MARRIED MUSEUM CO-DIRECTORS: A LEADERSHIP MODEL FOR THE FUTURE?


In January 2013, when Maine’s Bowdoin College announced the appointment of Frank H. Goodyear III and Anne Collins Goodyear as co-directors of its campus art museum, initial reviews of the married couple’s hiring varied. “CC me on that, honey,” ARTnews magazine tweeted archly; the Association of Art Museum Directors handle liked that post. In the Observer, Andrew Russeth noted that the co-leadership model follows the ancient Roman diarchy, which was “ruled by two leaders.” An “exit interview” in The Washington Post noted the longtime curators had not come to the National Portrait Gallery as a package deal but were leaving it together. “Forget splitting the household chores,” the Post’s Katherine Boyle wrote. “Their upcoming experiment in management and marriage is one that would make Sheryl Sandberg fans downright euphoric.”

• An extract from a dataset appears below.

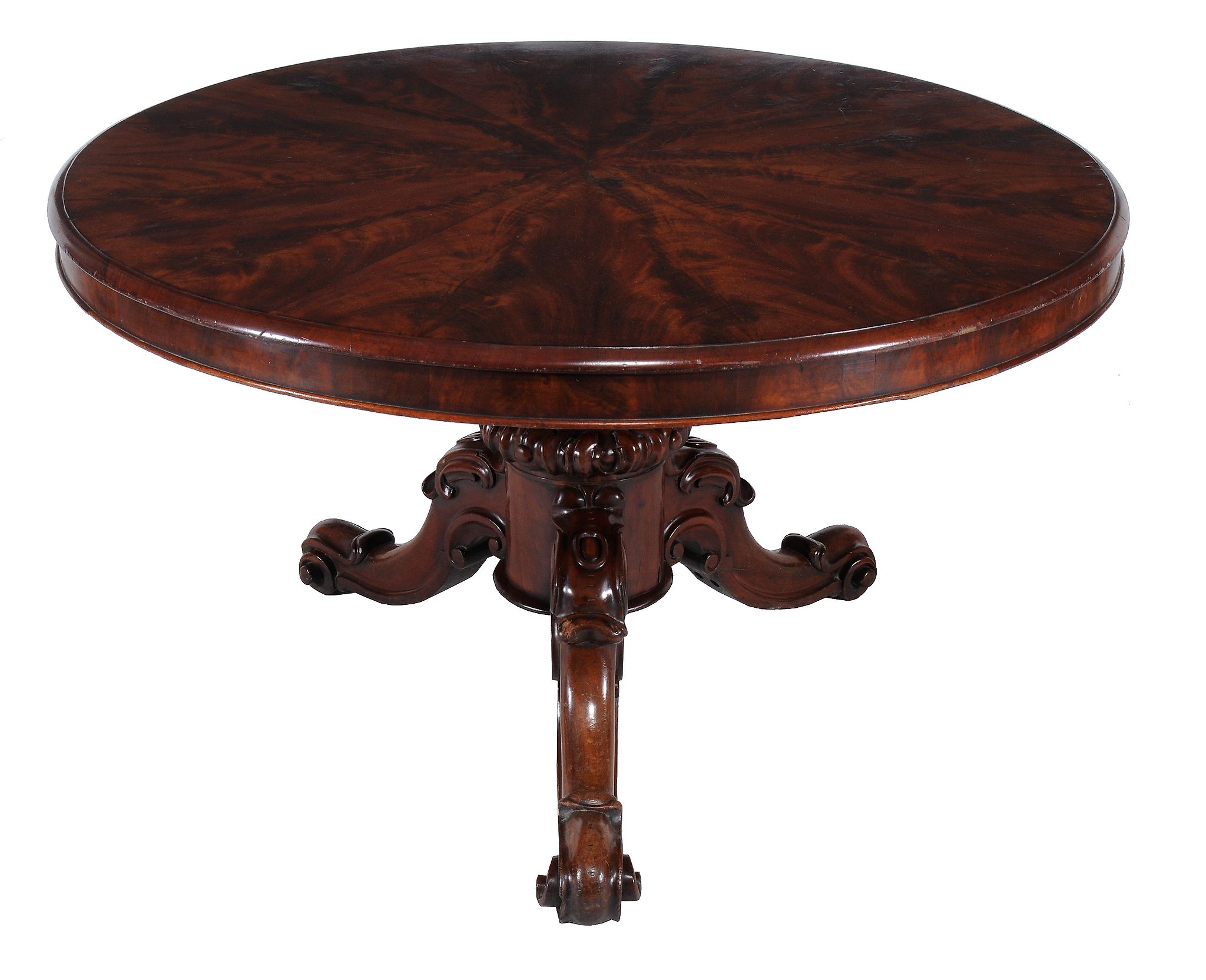the top with figured mahogany radiating veneer, the stem carved profusely with foliage, the scroll carved cabriole legs on scroll feet and casters, 71cm high, the top 129cm diameter
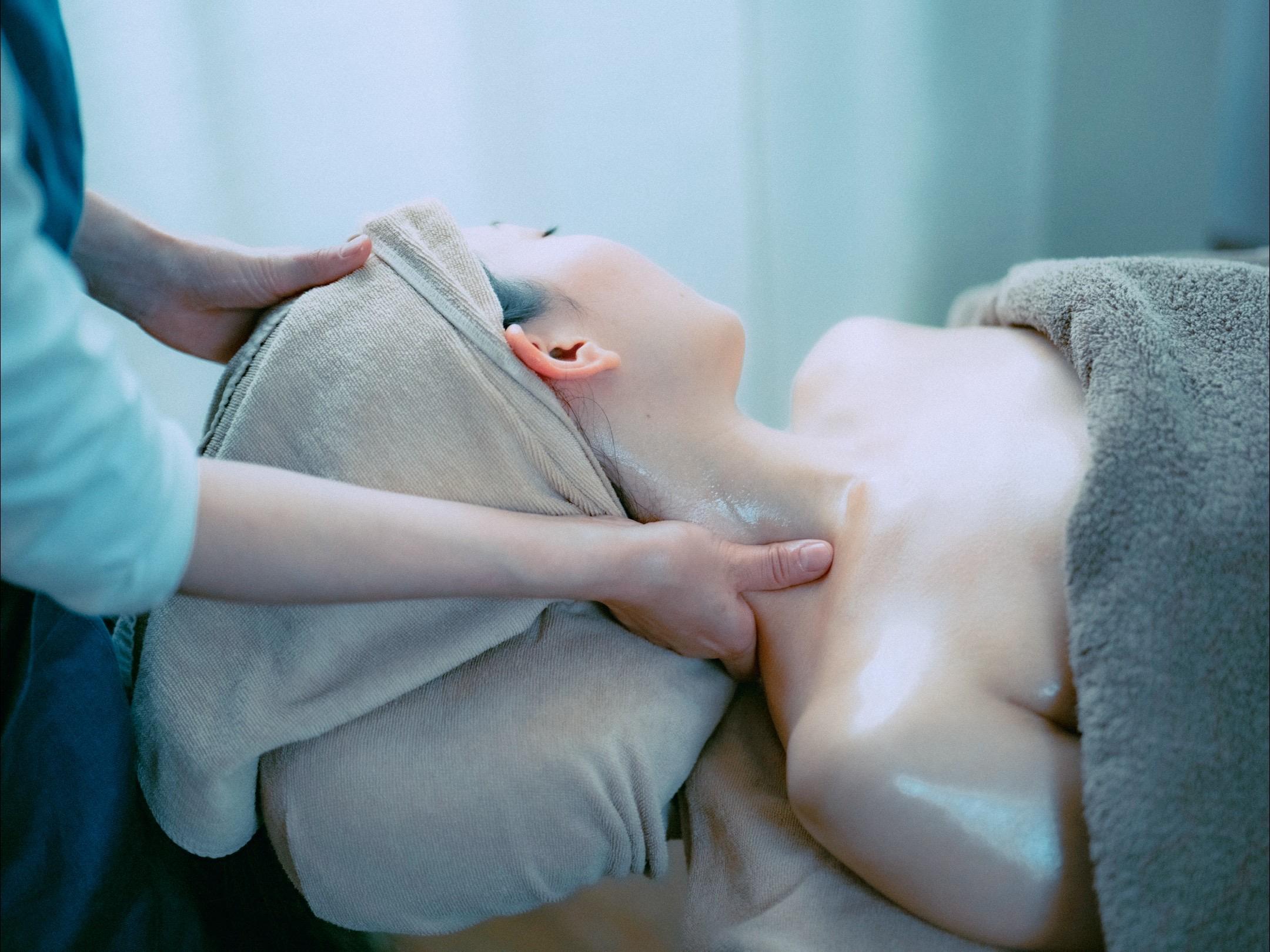 頭全体~首肩の隅々までほぐすヘッドスパと、デコルテ・背面・首肩オイルリンパマッサージで、コリだけでなく老廃物もしっかり流します。最後はヒト幹細胞培養ローションでエイジングケア。いつも頑張っているわたしを大切にしてあげる、スペシャルなコース。

The “Great Man” leadership theory, in which “one sole leader rules over the masses from the ivory tower,” has expired, although co-leadership, absent a strong relationship, “can easily become draining and frustrating,” opined a 2015 Harvard Business Review article. Bowdoin’s now-5-year-old “experiment” comes at a time when museums are increasingly responding to gender gaps in the C-suite, and its museum equivalent.